Data section:
Content starts
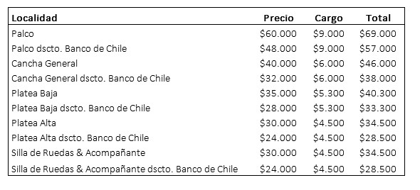 Las entradas se pondrán a la venta el día jueves a través del sistema Puntoticket, con valores que fluctúan entre los $28.500, hasta los $69.000 con recargo, sin embargo, los clientes del Banco de Chile podrán acceder a una preventa especial con un 20% de descuento mañana al mediodía. El detalle de precios lo encuentras al final de esta nota.
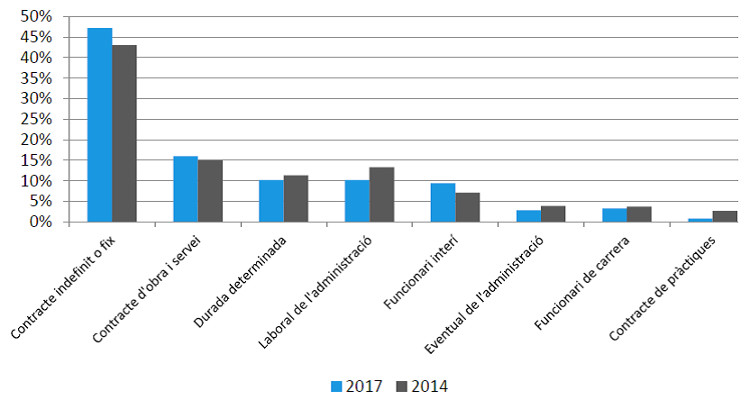 Seguidamente, también traemos a colación los datos más recientes que se han publicado sobre cómo es el mercado laboral de los SS y qué salida representa para las/los profesionales de la educación social. Ante la escasa información específica de que se dispone, nos guiaremos por los datos que consideramos más significativos del Informe de l’estat de l’Educació Social a Catalunya, 2017 (Col·legi d’educadores i educadors socials de Catalunya, 2018b) para poder llegar a ciertas conclusiones.
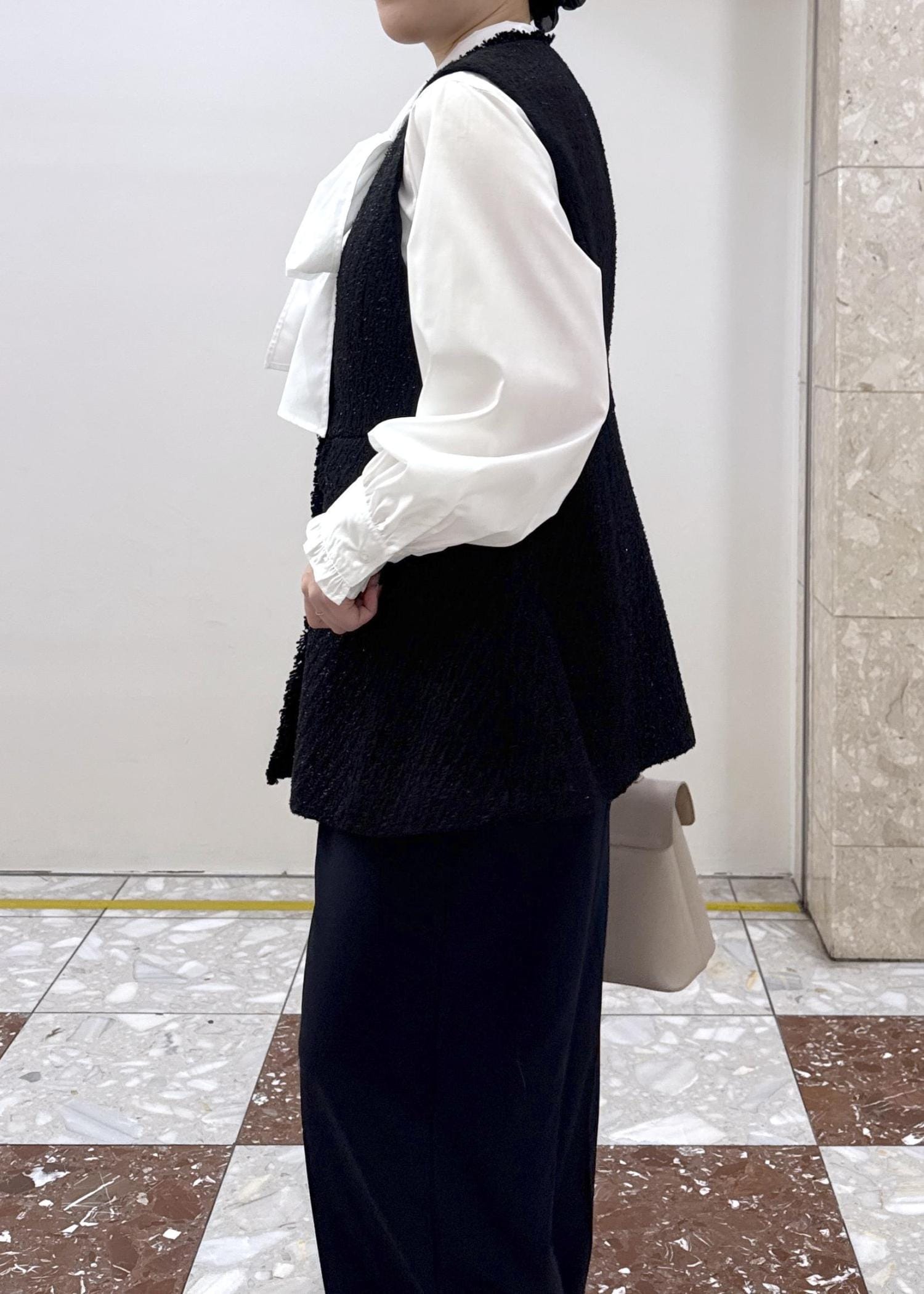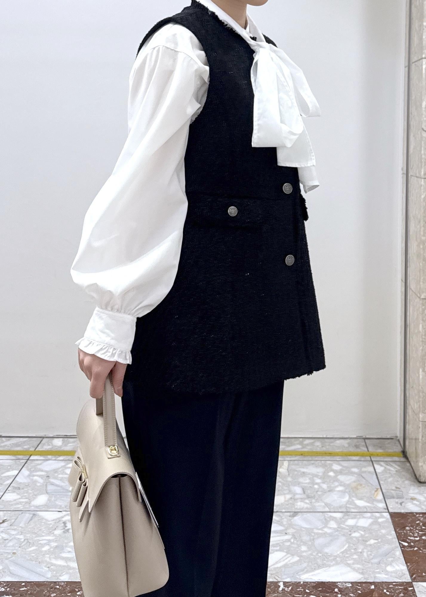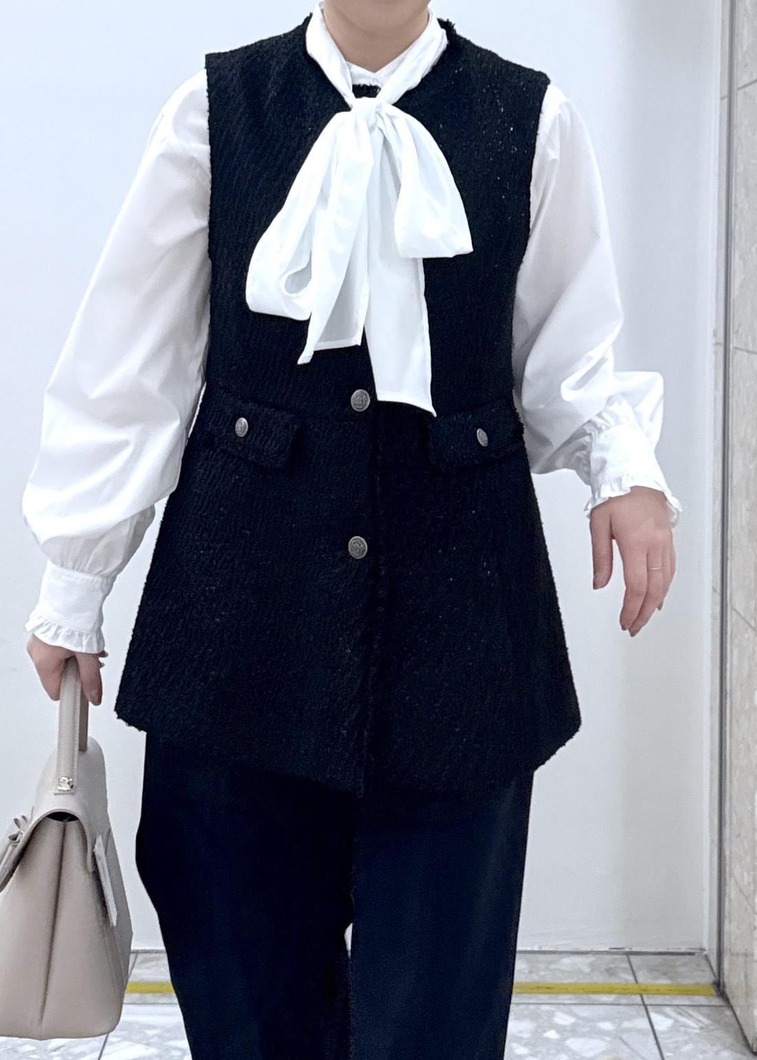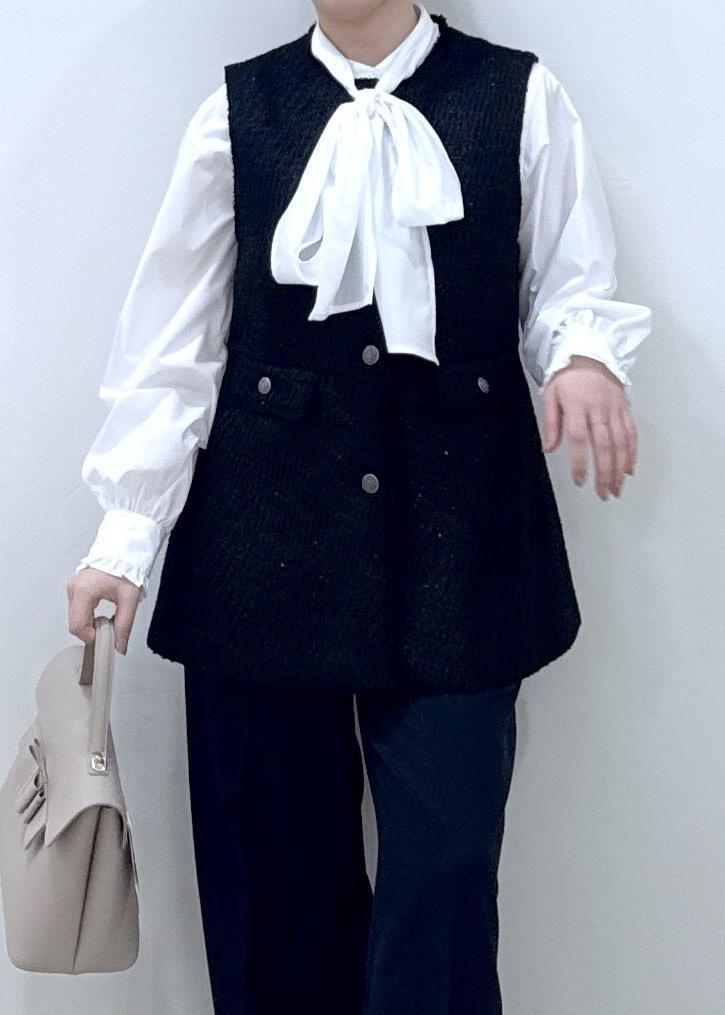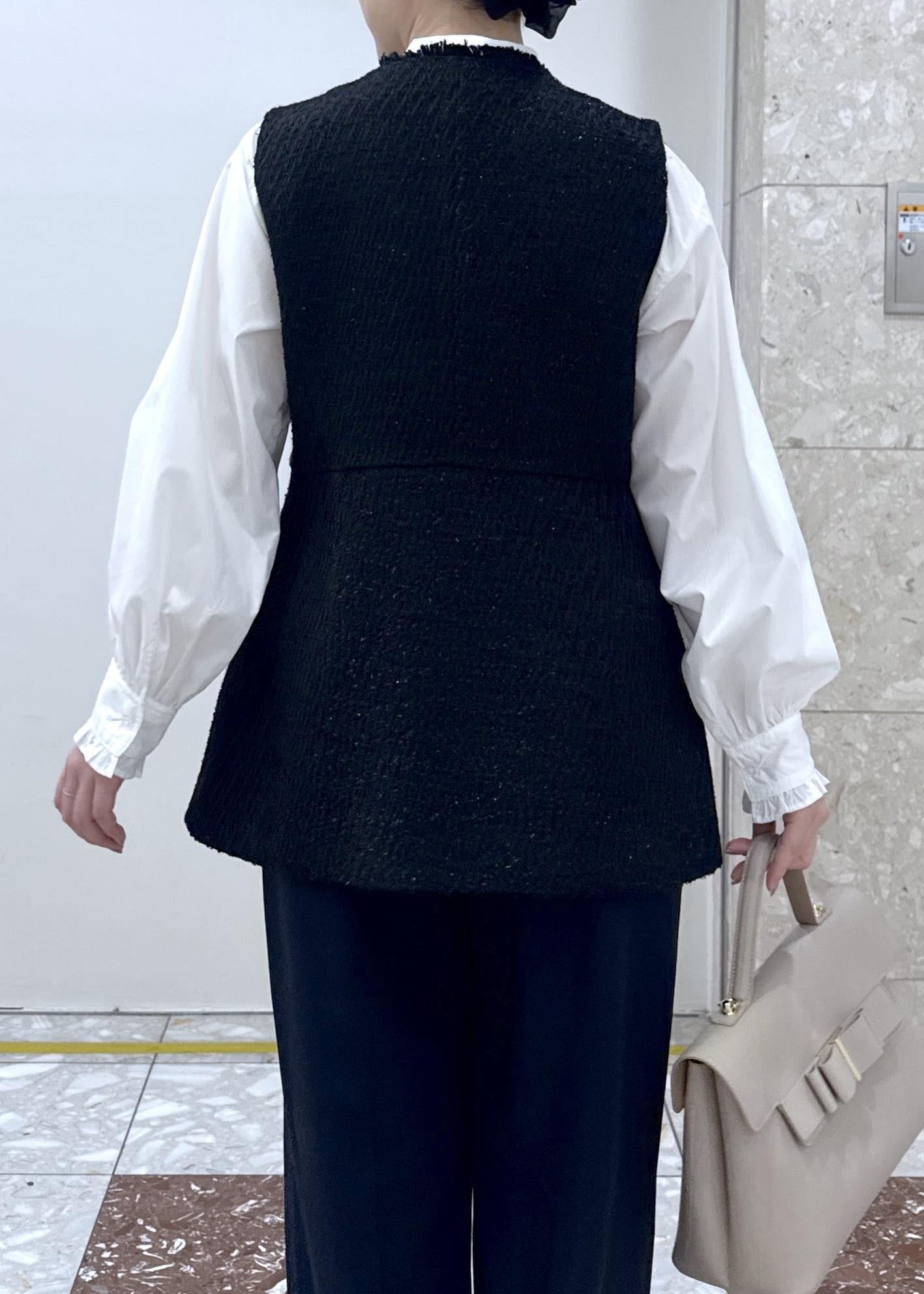 VIS【WEB限定】ノーカラーツイードジレブラック / F¥7,909レビューヒップが隠れる着丈で、肉厚すぎずレイヤードしやすい素材感です!
Content ends
Requirement:
Begin with the line containing "Seguidamente, también traemos" and end with the last line of the material above; return exactly those lines, both ends included, and omit all pictures.

Answer box:
 Seguidamente, también traemos a colación los datos más recientes que se han publicado sobre cómo es el mercado laboral de los SS y qué salida representa para las/los profesionales de la educación social. Ante la escasa información específica de que se dispone, nos guiaremos por los datos que consideramos más significativos del Informe de l’estat de l’Educació Social a Catalunya, 2017 (Col·legi d’educadores i educadors socials de Catalunya, 2018b) para poder llegar a ciertas conclusiones.
 VIS【WEB限定】ノーカラーツイードジレブラック / F¥7,909レビューヒップが隠れる着丈で、肉厚すぎずレイヤードしやすい素材感です!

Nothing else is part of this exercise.